Potential Pairing for Calendar Spread Options Strategy

  1. Short Call (55.0, 2024-06-21) + Long Put (67.5, 2024-06-21)
  2. Short Call Delta: 0.5105 + Long Put Delta: -0.7066 = -0.1961 (Balanced Risk)
  3. Profit Potential: $3.1184 (Put) + $0.89 (Call) = $4.0084

  4. Short Call (52.5, 2024-07-19) + Long Put (67.5, 2025-01-17)

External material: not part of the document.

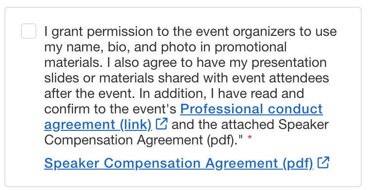 Professional conduct: “I acknowledge and agree to maintain professionalism, respect, and inclusivity throughout the event. I will not use any inflammatory language in my presentation that may promote discrimination, hatred and violence, or behave in ways that may damage the event or hurt its participants.”

  5. Short Call Delta: 0.7419 + Long Put Delta: -0.7066 = 0.0353 (Neutral)
  6. Profit Potential: $1.6716 (Call) + $3.1184 (Put) = $4.79

  7. Short Call (50.0, 2025-01-17) + Long Put (75.0, 2025-01-17)

  8. Short Call Delta: 0.7162 + Long Put Delta: -0.6825 = 0.0337 (Neutral)
  9. Profit Potential: $2.5216 (Call) + $0.1584 (Put) = $2.68

  10. Short Call (37.5, 2026-01-16) + Long Put (67.5, 2024-06-21)

  11. Short Call Delta: 0.7699 + Long Put Delta: -0.7066 = 0.0633 (Balanced)
  12. Profit Potential: $1.6716 (Call) + $3.1184 (Put) = $4.79

  13. Short Call (45.0, 2024-09-20) + Long Put (67.5, 2024-06-21)

  14. Short Call Delta: 0.7607 + Long Put Delta: -0.7066 = 0.0541 (Balanced)
  15. Profit Potential: $0.5216 (Call) + $3.1184 (Put) = $3.64

By evaluating different calendar spread combinations, we achieve a lower risk profile by matching the delta and maximizing potential profitability. The long-term options offer stability and reduced assignment risk, making them attractive choices for given market conditions.